### PROBLEM DESCRIPTION
Among the lines below, the one containing "4 miniature stentøjsvase" opens the range and the one containing "ASOS DESIGN short" closes it. Print that range exactly, without the pictures.

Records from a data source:
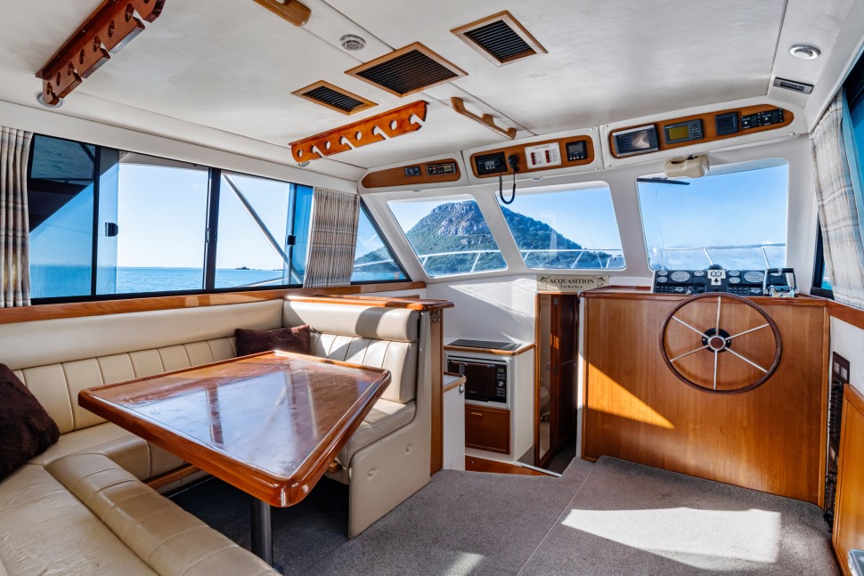 Acquasition is a game-fishing dream, coming rigged and ready featuring a dedicated cockpit with everything anglers desire: tuna tubes, insulated bait boxes, a deep-capacity freezer, and game poles. The transition from the spacious cockpit to the saloon is seamless, creating a free-flowing indoor-outdoor living space. A spacious mid-galley is equipped with a 2-burner induction stove, oven, and microwave.
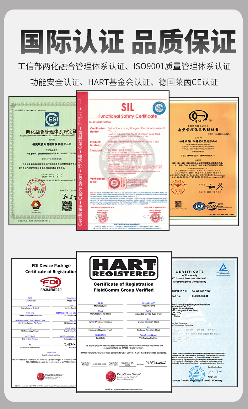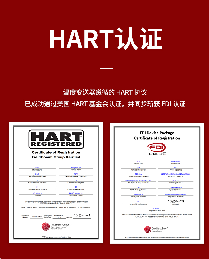 虹潤公司是專業(yè)生產(chǎn)溫度變送器的國家專精特新“小巨人”企業(yè)。生產(chǎn)的智能溫度變送器,具有適配各類溫度傳感器,精度高,通過編程線修改輸入信號類型及量程,高抗干擾,HART或485通訊等特點。該產(chǎn)品不僅通過HART基金會認(rèn)證、德國萊茵 CE 認(rèn)證與 SIL 功能安全認(rèn)證,還獲得具備減震抗干擾能力的溫度變送器、信號隔離器、一種二端子模塊、無源信號隔離器等4項國家發(fā)明專利,主持起草物聯(lián)網(wǎng)智能溫度儀表、現(xiàn)場設(shè)備工具(FDT)接口規(guī)范、工業(yè)過程測量和控制系統(tǒng)用溫度變送器等3項國家標(biāo)準(zhǔn),以及通信系統(tǒng)多通道數(shù)據(jù)采集控制終端規(guī)范軍用標(biāo)準(zhǔn),參與國際5G標(biāo)準(zhǔn)制定,取得HART溫度變送器、智能溫度變送器等3項相關(guān)軟件著作權(quán)。產(chǎn)品廣泛應(yīng)用于石油、化工、電力、冶金、制藥、食品、水處理等各種工業(yè)領(lǐng)域。
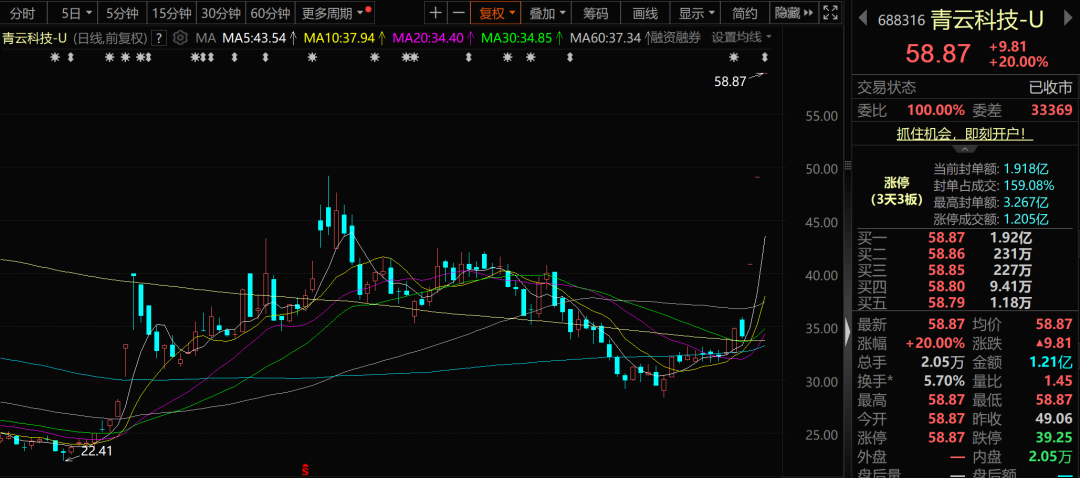 春节后的A股三个交易日里,作为第三方云计算厂商的优刻得和青云科技连收三个一字板。同期北交所并行科技收获两个30CM涨停,首都在线收获两个20CM涨停。
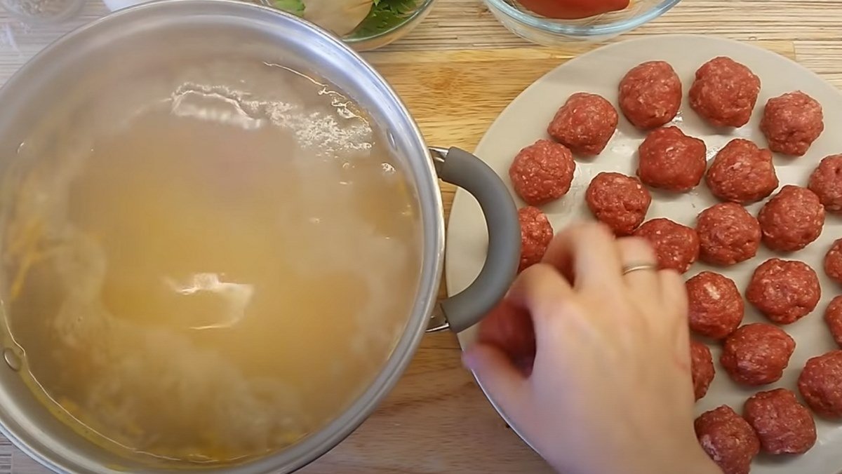 Poczekaj, aż bulion ponownie się zagotuje i dopiero wtedy wrzucaj klopsiki pojedynczo. Gotuj na małym ogniu przez 15-20 minut.
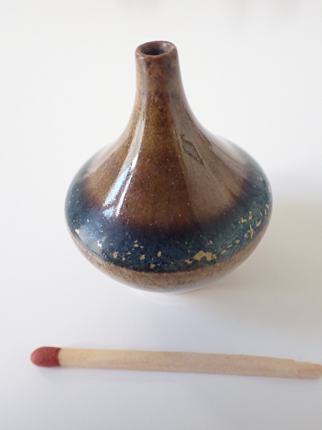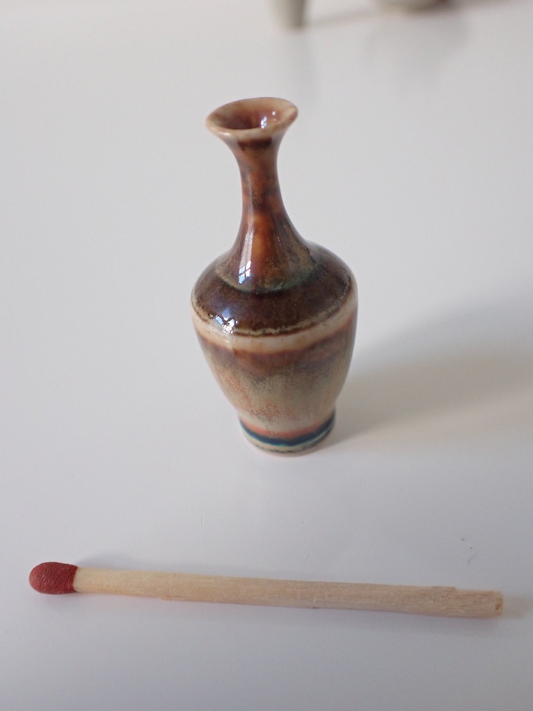 4 miniature stentøjsvase med blå/brun og sand glasur. Höganäs, J.H. og J.I. Højde: 4 - 5 cm. Bredeste diameter: 2,1 - 4 cm. I fin stand. Priser: 200 - 250 kr.
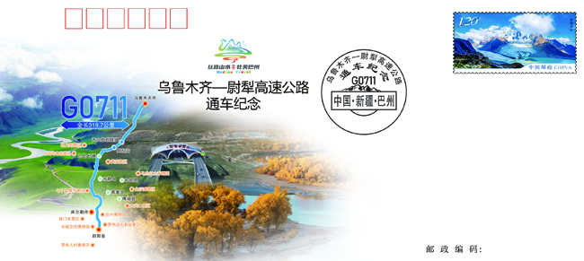 乌鲁木齐—尉犁高速公路通车纪念封正面。(图片由巴州邮政分公司提供)
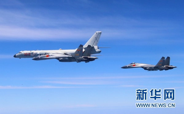 4月26日,人民空軍轟-6K等多型戰(zhàn)機(jī)實(shí)施“繞島巡航”訓(xùn)練課題。 新華社發(fā)(吳岳鵬 攝)
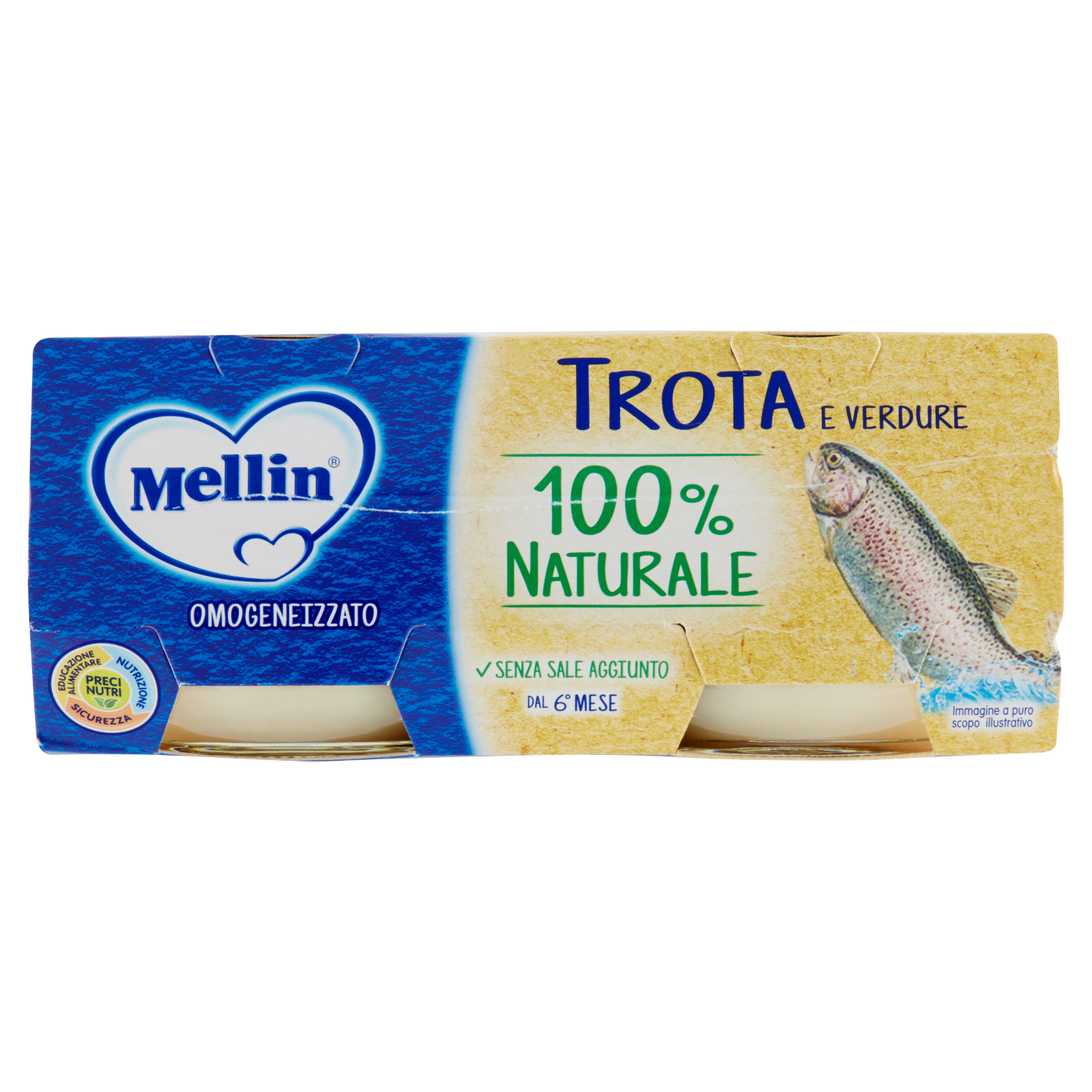 Alimento per la prima infanzia omogeneizzato con filetto di trota e verdure
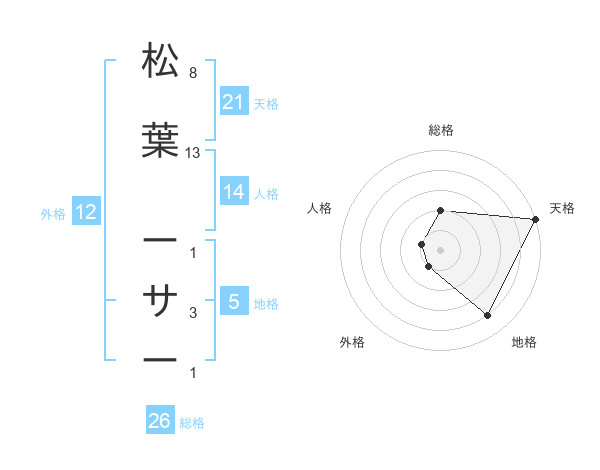 松葉 ーサーさんを姓名の画数から五運を鑑定
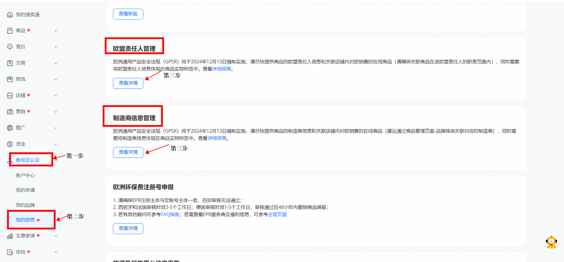 自营运商家:商家后台-账号及认证-我的信息-欧盟责任人管理/制造商信息管理
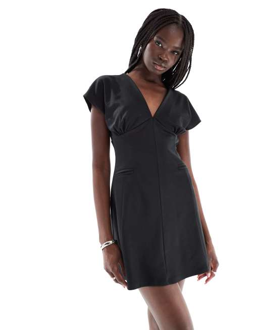 ASOS DESIGN short sleeve plunge seam detail mini dress in black
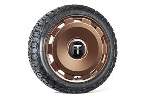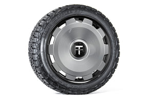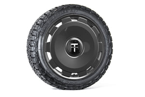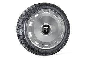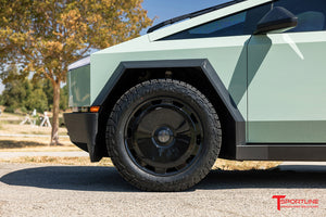 T Sportline's new 24" CTM (Tesla Cybertruck Monoblock) fully forged wheel has been engineered specifically to exacting dimensions to create a range preserving aero-efficient monoblock look while still retaining proper structural integrity for spirited Tesla Cybertruck driving. This massive, yet functional Cybertruck wheel is a forged monoblock wheel built for lasting endurance in all driving environments with the full strength confidence needed to survive the worst of road conditions. The CTM wheel line also features our exclusive fully floating center caps for the distinguished and tastefully hidden lug nut look. As you drive, the center caps 'float' in free rotation and the T logo remains horizontal at all times.
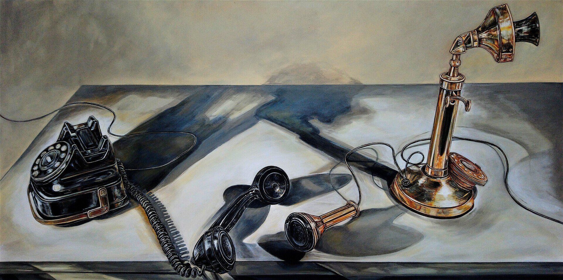 Matt Noir, Conversation Piece No.19 - My paintings explore the symbolic power of the object, how they are bestowed with meaning, evoke memory and develop narrative. I am particularly interested in devices of communication and the connections that are derived through the viewer’s relationship to them; as well as the objects having their own relationships. All of this strengthens the dialogue between the objects and the onlooker to create a conversation. I have revisited my paintings to see how they have taken on new meanings in light of events of the times. Not only are ‘we’ re-emerging and re-examining things anew, so too is art being re-seen in a different context.
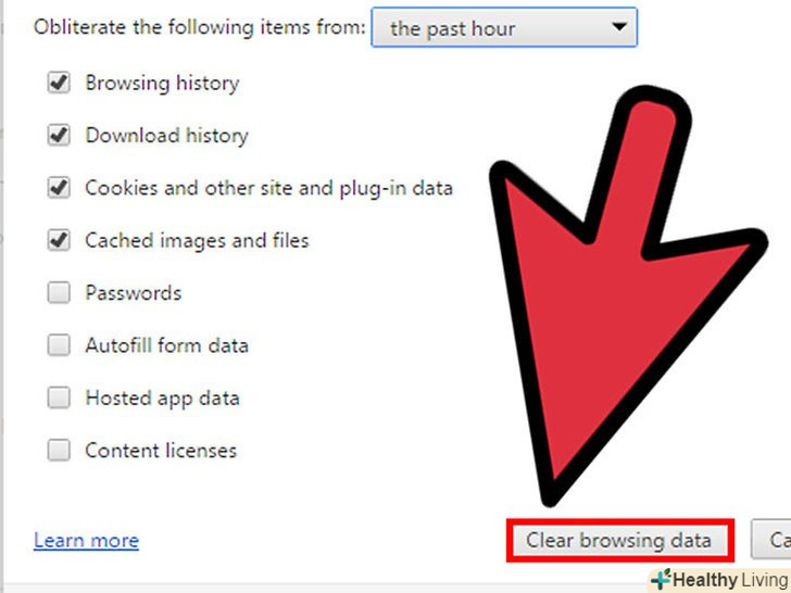 Очистіть кеш і історію браузера. відкрийте меню браузера і виберіть зі списку меню опцію «Видалити історію». Так ви видалите кеш і історію свого браузера.- Ця проблема зазвичай виникає, коли в браузері зберігається занадто великий обсяг кеша і він не в силах завантажити нові дані з інтернету.
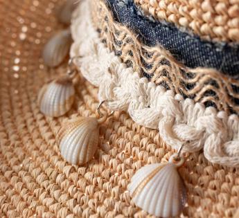 조개껍데기 또는 진주 장식으로 두 가지 여름의 바람을 담아냈습니다. 더 브림이 강조된 해변 스타일, 혹은 섬세하고 고급스러운 무드.
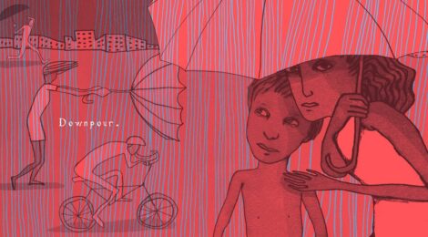A picture book from an award-winning artist that uses vibrant reds and blues to stunningly evoke the intensity of a heatwave and the refreshing relief that comes with an unexpected downpour of a cooling rain.
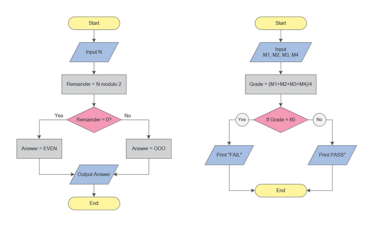 These simple flowchart examples demonstrate how standard symbols such as start/end, input/output, process, and decision are combined to describe logical workflows. They help readers see how individual shapes work together before moving to more complex process diagrams.
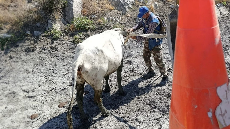 Çamura saplanan inek ve susuz kaplumbağa o belediye ekiplerinin dikkatiyle kurtarıldı
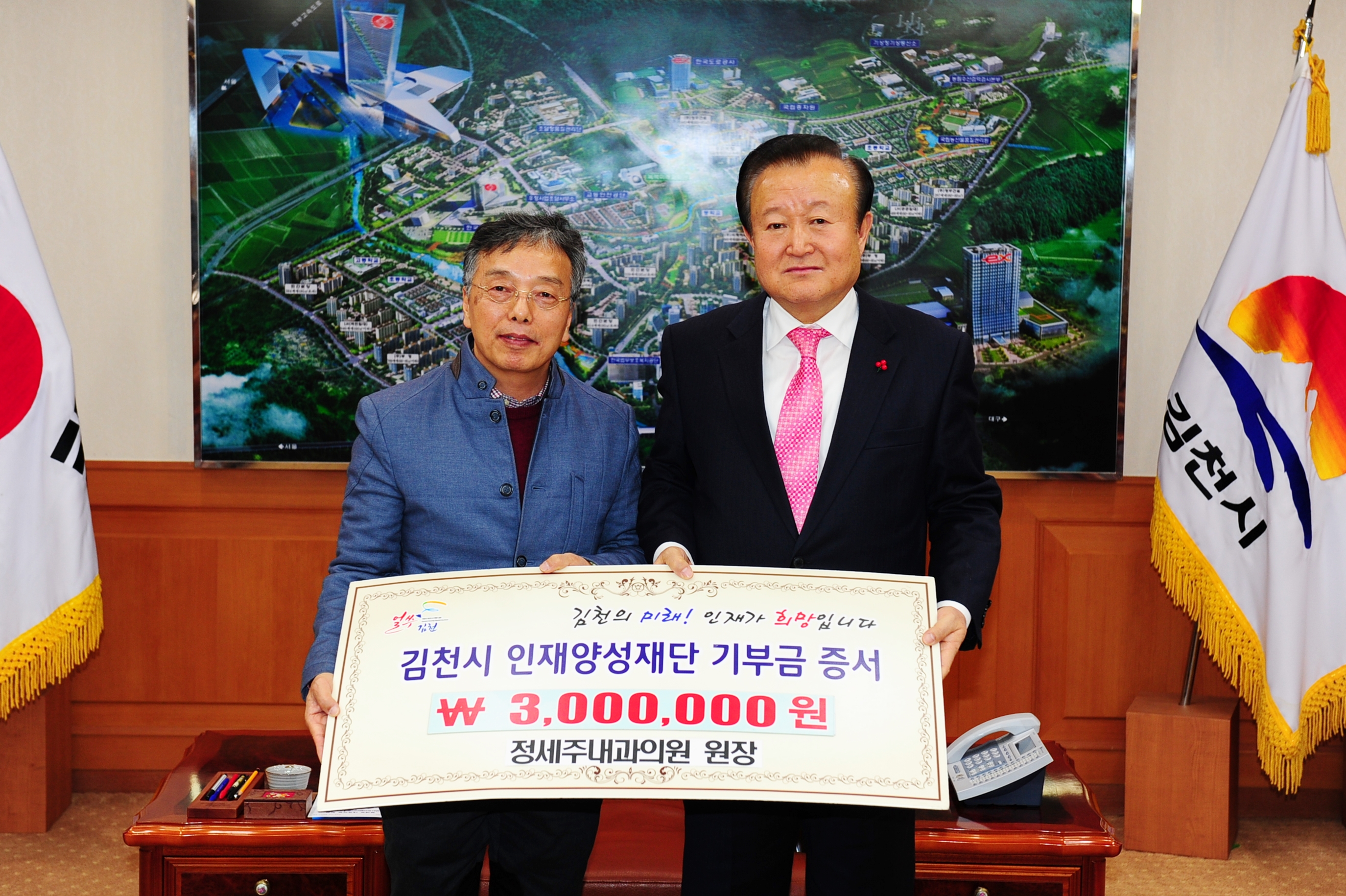 |  | | | ⓒ 김천내일신문 | | 김천의 교육발전과 글로벌 인재육성을 위해 정세주 내과의원에서 김천시인재양성재단(이사장 박보생)에 장학기금 3백만원을 기탁했다.

### FINISHED EXERCISE
 4 miniature stentøjsvase med blå/brun og sand glasur. Höganäs, J.H. og J.I. Højde: 4 - 5 cm. Bredeste diameter: 2,1 - 4 cm. I fin stand. Priser: 200 - 250 kr.
 乌鲁木齐—尉犁高速公路通车纪念封正面。(图片由巴州邮政分公司提供)
 4月26日,人民空軍轟-6K等多型戰(zhàn)機(jī)實(shí)施“繞島巡航”訓(xùn)練課題。 新華社發(fā)(吳岳鵬 攝)
 Alimento per la prima infanzia omogeneizzato con filetto di trota e verdure
 松葉 ーサーさんを姓名の画数から五運を鑑定
 自营运商家:商家后台-账号及认证-我的信息-欧盟责任人管理/制造商信息管理
 ASOS DESIGN short sleeve plunge seam detail mini dress in black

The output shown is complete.